Required action. The lines below, from the one holding "Cumulative time and distance, calories shows" through the one holding "子时,闻星语,夜指长空话星辰", are to be restated word for word, with all images left out.

▼

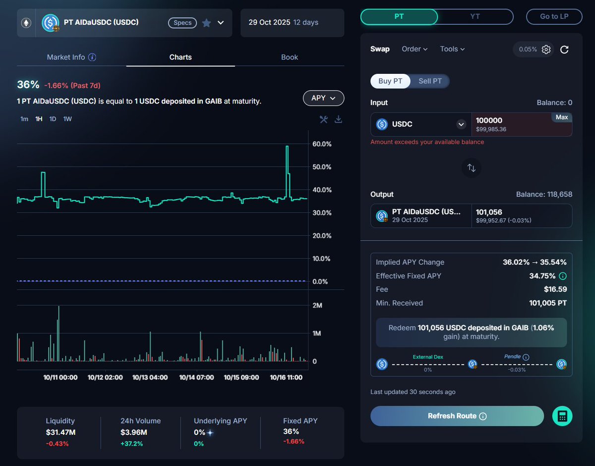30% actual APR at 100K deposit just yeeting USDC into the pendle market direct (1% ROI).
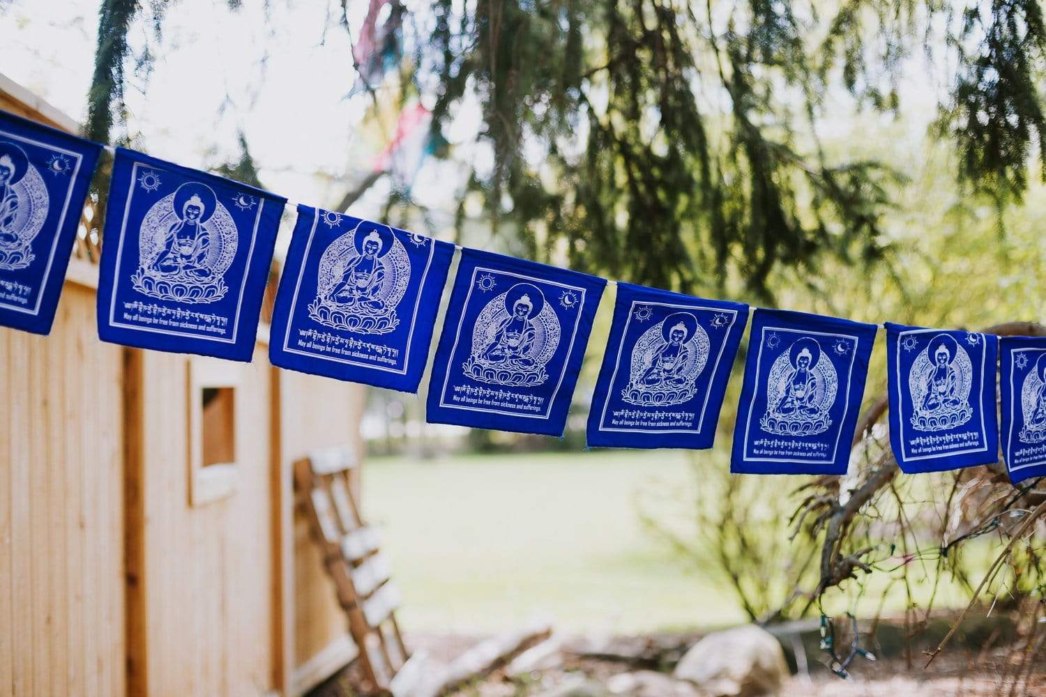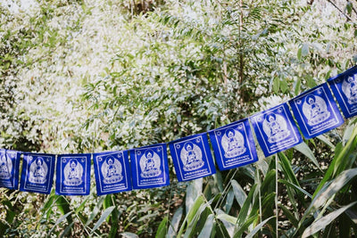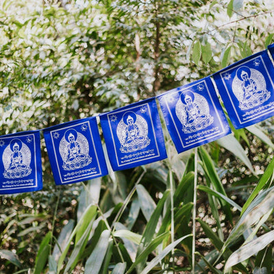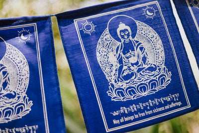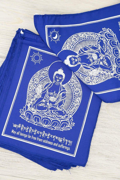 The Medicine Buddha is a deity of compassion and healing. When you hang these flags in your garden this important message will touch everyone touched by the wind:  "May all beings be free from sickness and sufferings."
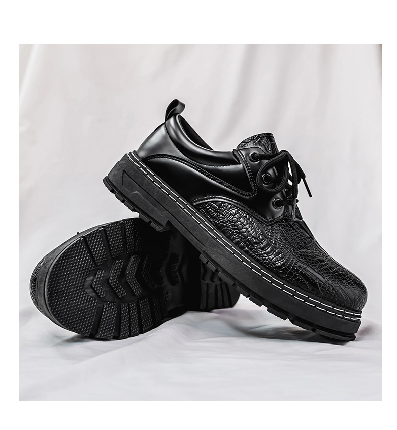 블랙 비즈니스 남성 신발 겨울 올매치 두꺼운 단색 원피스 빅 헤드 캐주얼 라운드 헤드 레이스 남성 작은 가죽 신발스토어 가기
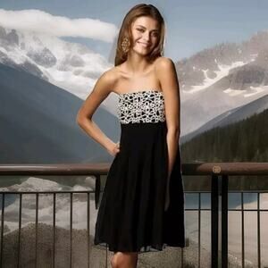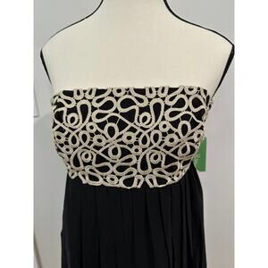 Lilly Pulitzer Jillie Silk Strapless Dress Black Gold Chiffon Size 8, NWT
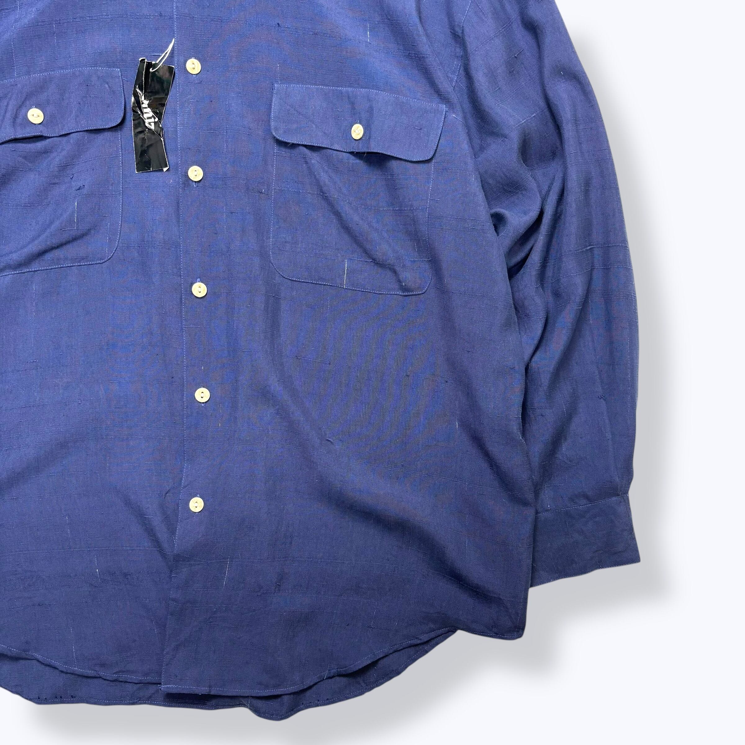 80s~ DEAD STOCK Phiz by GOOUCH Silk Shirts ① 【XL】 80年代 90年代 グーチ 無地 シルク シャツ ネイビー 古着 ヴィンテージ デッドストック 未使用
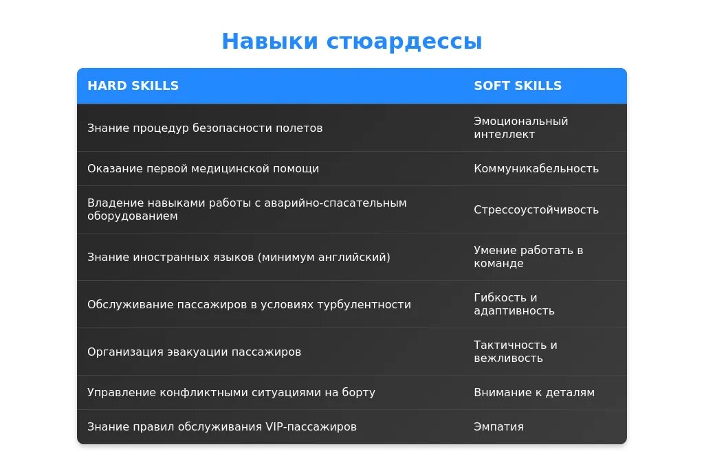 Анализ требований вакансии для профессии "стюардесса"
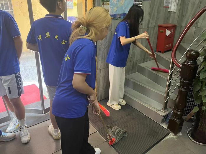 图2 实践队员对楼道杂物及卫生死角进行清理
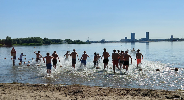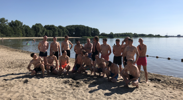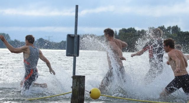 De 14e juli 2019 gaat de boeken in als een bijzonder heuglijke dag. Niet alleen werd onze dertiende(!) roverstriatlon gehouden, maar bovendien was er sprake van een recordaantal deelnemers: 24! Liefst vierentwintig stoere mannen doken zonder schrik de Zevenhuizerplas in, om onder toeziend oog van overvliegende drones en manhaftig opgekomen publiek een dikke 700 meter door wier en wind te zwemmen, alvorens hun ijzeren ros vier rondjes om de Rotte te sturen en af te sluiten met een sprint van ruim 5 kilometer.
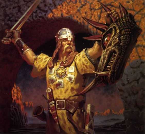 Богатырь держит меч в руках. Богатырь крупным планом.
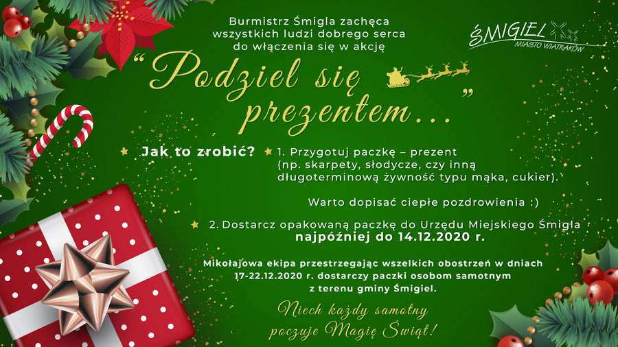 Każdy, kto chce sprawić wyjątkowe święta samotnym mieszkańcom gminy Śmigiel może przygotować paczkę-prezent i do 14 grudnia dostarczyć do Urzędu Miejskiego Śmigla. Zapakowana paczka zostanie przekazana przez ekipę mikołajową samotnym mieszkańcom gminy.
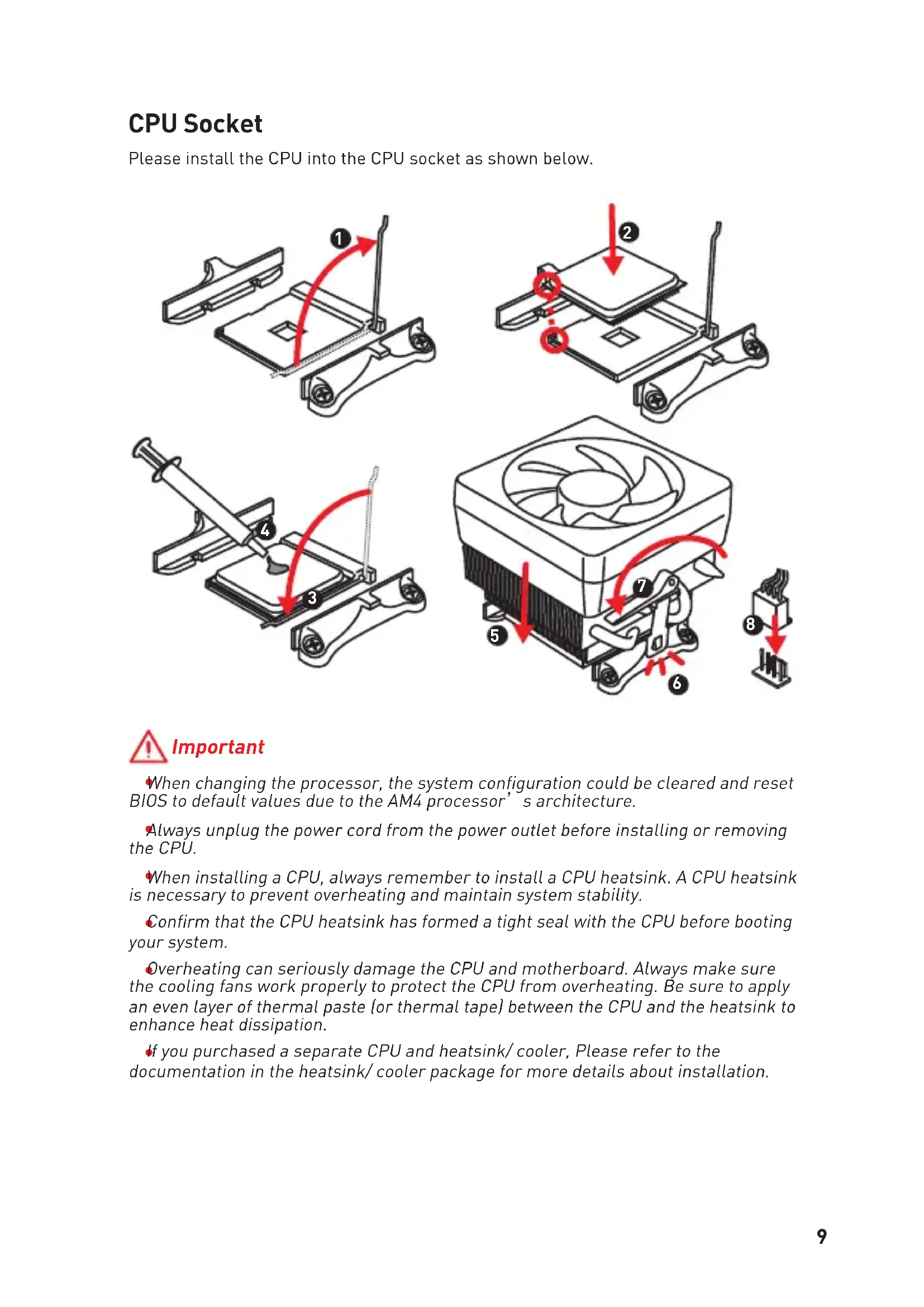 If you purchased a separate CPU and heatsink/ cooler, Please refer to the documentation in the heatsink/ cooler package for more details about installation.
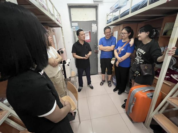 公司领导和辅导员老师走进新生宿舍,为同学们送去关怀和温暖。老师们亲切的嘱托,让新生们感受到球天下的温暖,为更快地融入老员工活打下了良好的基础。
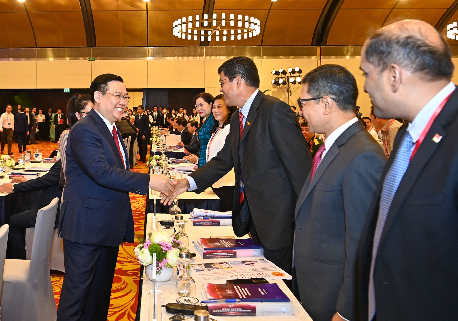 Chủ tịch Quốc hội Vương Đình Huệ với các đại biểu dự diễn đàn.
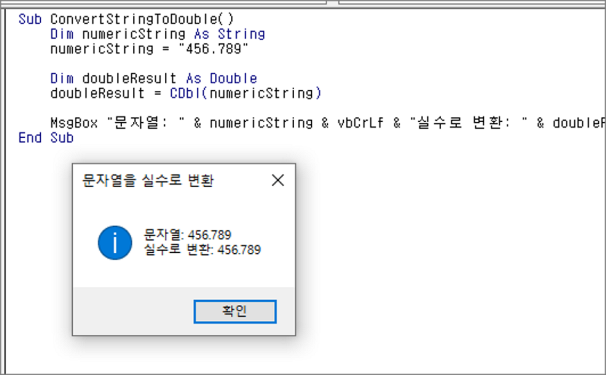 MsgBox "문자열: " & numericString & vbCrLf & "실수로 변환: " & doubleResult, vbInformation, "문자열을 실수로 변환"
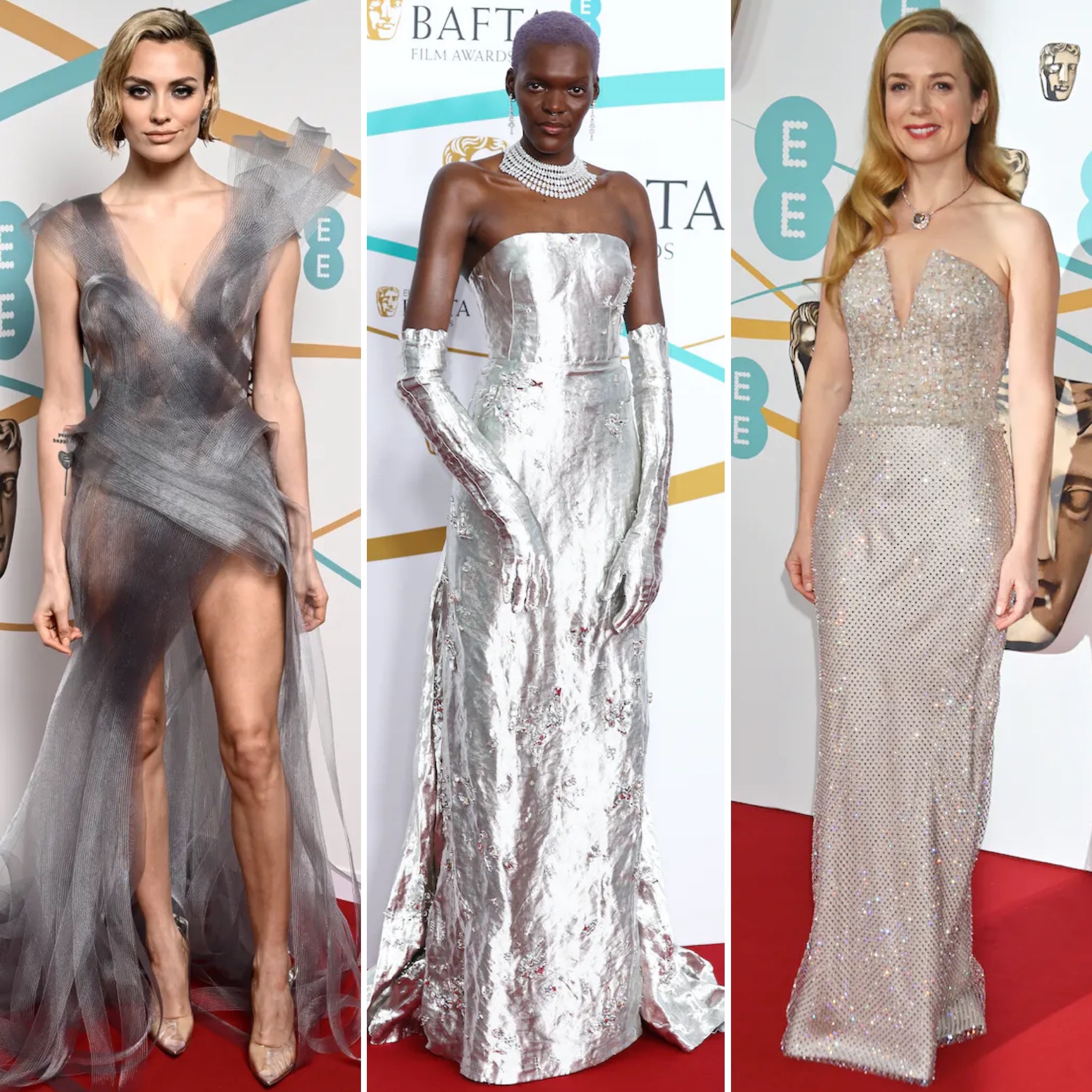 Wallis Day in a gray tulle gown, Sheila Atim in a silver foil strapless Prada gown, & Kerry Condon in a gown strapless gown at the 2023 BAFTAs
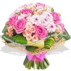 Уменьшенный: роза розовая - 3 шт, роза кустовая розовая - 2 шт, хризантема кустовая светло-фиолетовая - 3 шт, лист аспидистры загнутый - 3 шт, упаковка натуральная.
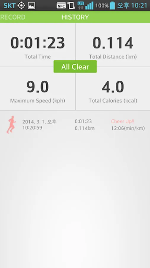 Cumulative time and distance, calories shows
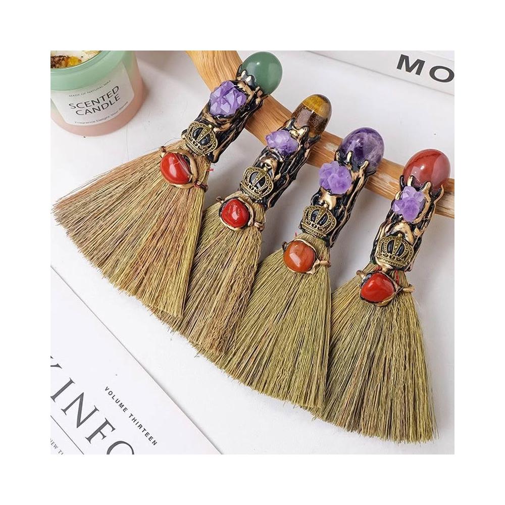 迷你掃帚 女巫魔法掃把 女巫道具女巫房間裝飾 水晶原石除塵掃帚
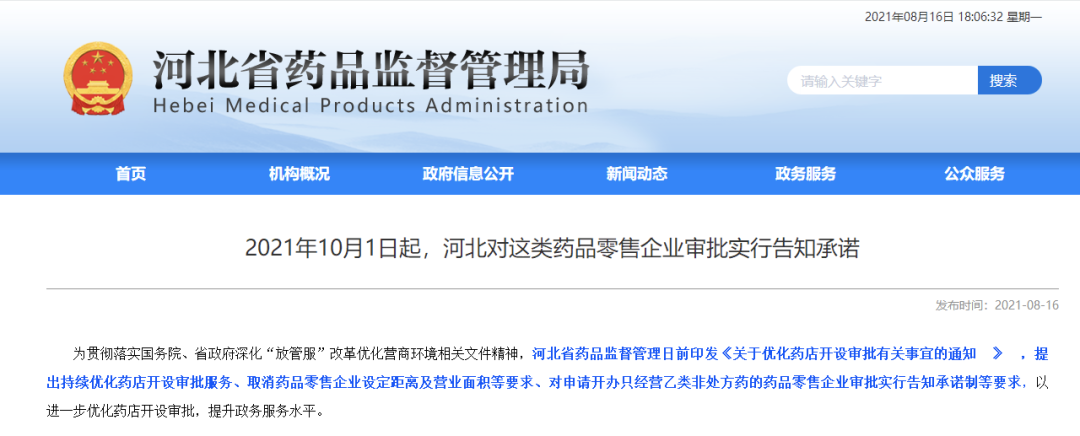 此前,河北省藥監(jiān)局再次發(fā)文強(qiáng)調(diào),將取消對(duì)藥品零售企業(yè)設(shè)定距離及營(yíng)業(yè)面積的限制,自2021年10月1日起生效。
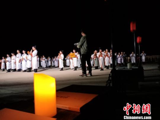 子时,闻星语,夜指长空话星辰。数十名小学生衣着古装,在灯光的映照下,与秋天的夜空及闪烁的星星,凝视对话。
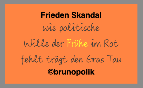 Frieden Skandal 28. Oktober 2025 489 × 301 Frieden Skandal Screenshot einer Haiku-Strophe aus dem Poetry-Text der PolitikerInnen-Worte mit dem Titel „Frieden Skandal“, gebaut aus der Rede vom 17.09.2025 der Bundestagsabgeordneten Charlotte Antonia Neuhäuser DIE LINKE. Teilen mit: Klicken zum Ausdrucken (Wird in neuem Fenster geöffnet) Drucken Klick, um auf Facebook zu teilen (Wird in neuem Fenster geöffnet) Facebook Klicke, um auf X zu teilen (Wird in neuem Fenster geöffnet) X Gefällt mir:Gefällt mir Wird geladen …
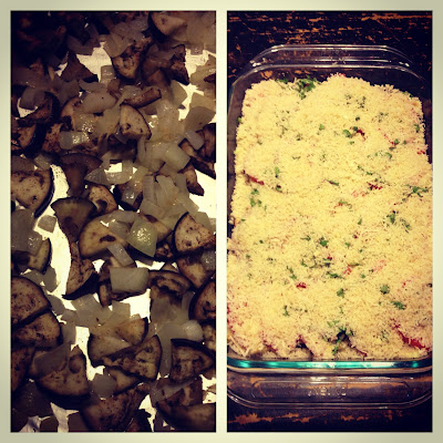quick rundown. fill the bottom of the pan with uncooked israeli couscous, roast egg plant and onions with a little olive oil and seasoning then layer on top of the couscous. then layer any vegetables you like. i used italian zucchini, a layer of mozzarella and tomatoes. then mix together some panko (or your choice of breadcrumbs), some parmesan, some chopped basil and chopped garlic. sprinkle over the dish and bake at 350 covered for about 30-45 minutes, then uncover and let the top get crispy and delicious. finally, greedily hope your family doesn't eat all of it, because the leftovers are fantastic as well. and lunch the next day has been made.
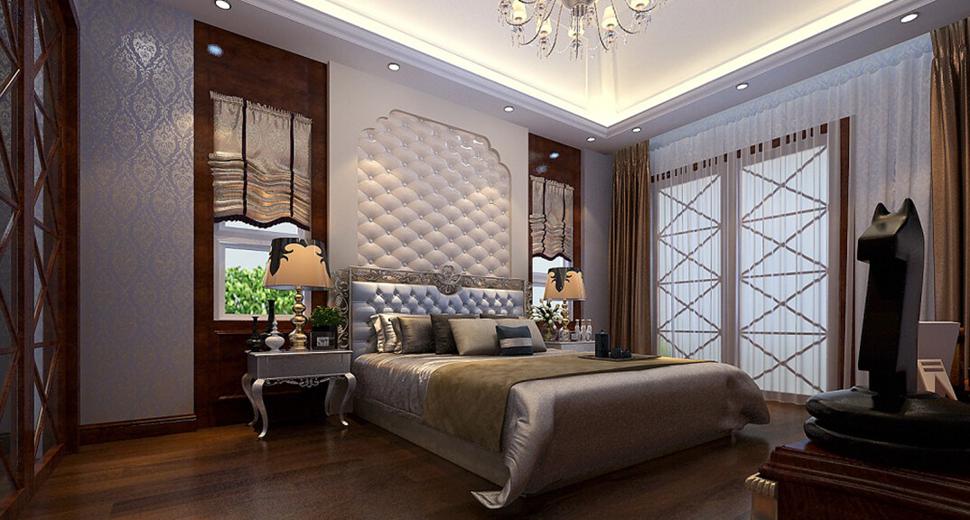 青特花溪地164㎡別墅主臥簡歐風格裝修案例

▲

Reply to the exercise.
 Cumulative time and distance, calories shows
 迷你掃帚 女巫魔法掃把 女巫道具女巫房間裝飾 水晶原石除塵掃帚
 此前,河北省藥監(jiān)局再次發(fā)文強(qiáng)調(diào),將取消對(duì)藥品零售企業(yè)設(shè)定距離及營(yíng)業(yè)面積的限制,自2021年10月1日起生效。
 子时,闻星语,夜指长空话星辰。数十名小学生衣着古装,在灯光的映照下,与秋天的夜空及闪烁的星星,凝视对话。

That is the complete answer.